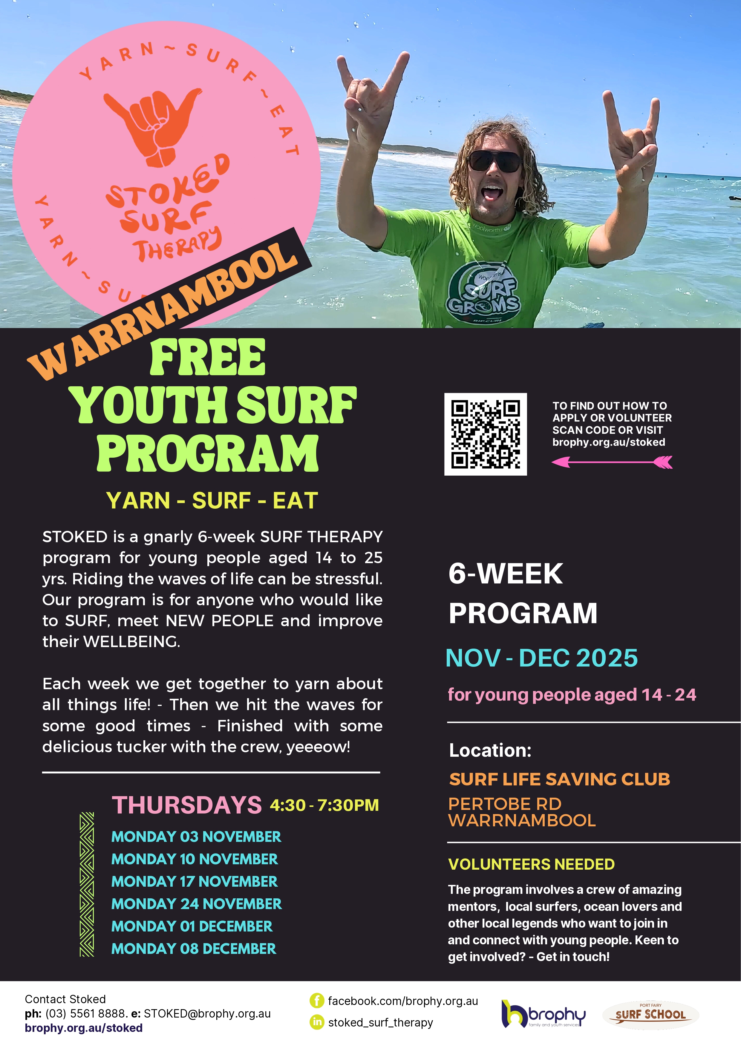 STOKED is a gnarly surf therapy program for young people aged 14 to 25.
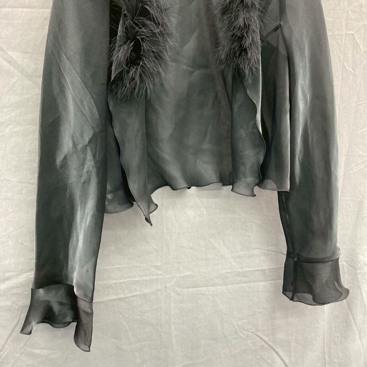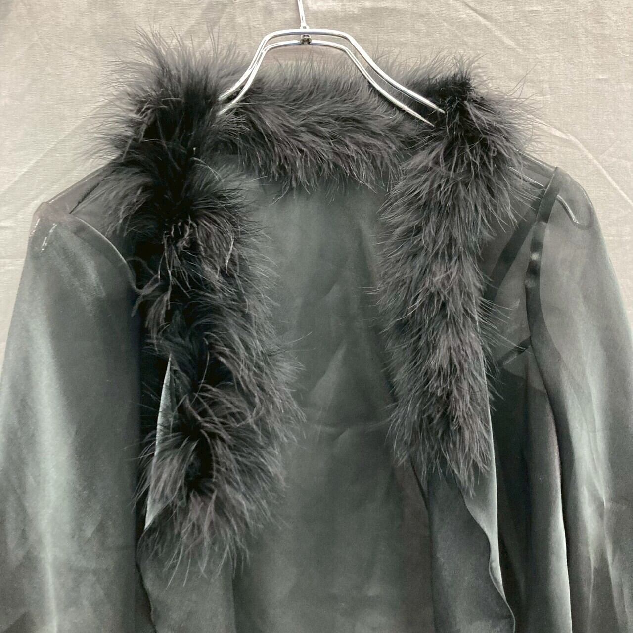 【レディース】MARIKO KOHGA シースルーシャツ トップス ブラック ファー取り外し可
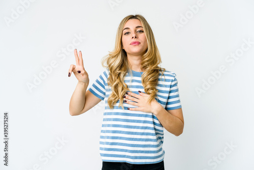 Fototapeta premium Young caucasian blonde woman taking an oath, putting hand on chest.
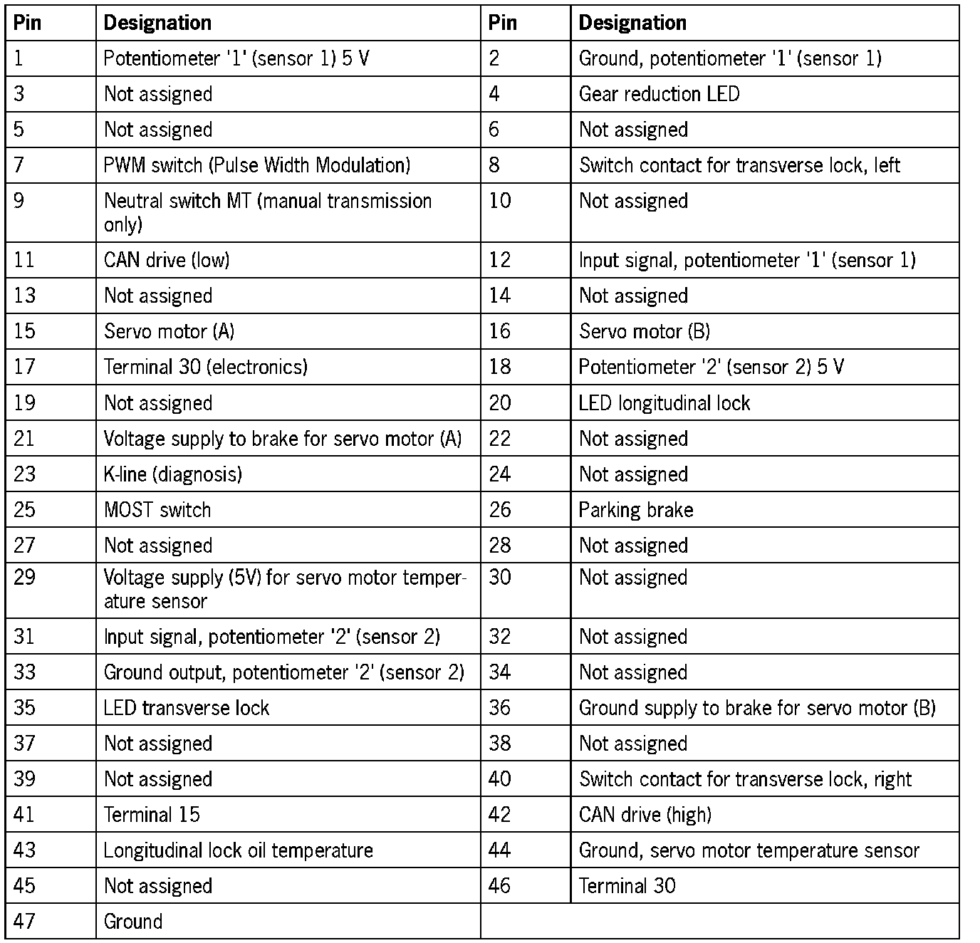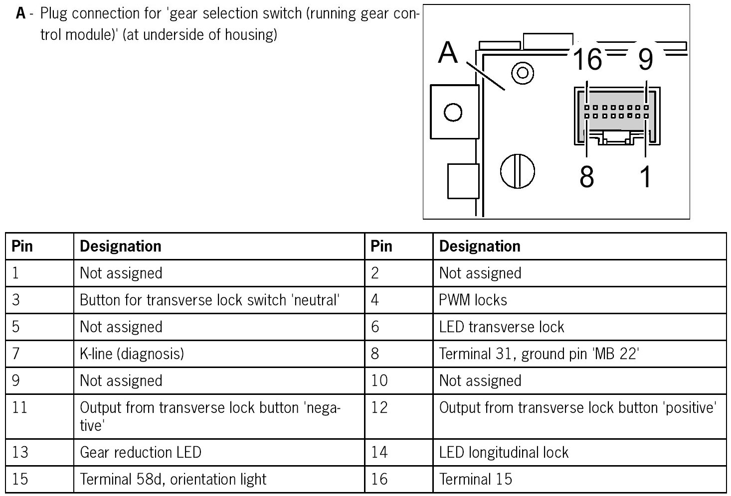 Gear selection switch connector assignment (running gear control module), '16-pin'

▶ [What is being asked]:
Would you copy all the material exactly, dropping the pictures?

▶ [Solution to this exercise]:
 STOKED is a gnarly surf therapy program for young people aged 14 to 25.
 【レディース】MARIKO KOHGA シースルーシャツ トップス ブラック ファー取り外し可
 Fototapeta premium Young caucasian blonde woman taking an oath, putting hand on chest.
 Gear selection switch connector assignment (running gear control module), '16-pin'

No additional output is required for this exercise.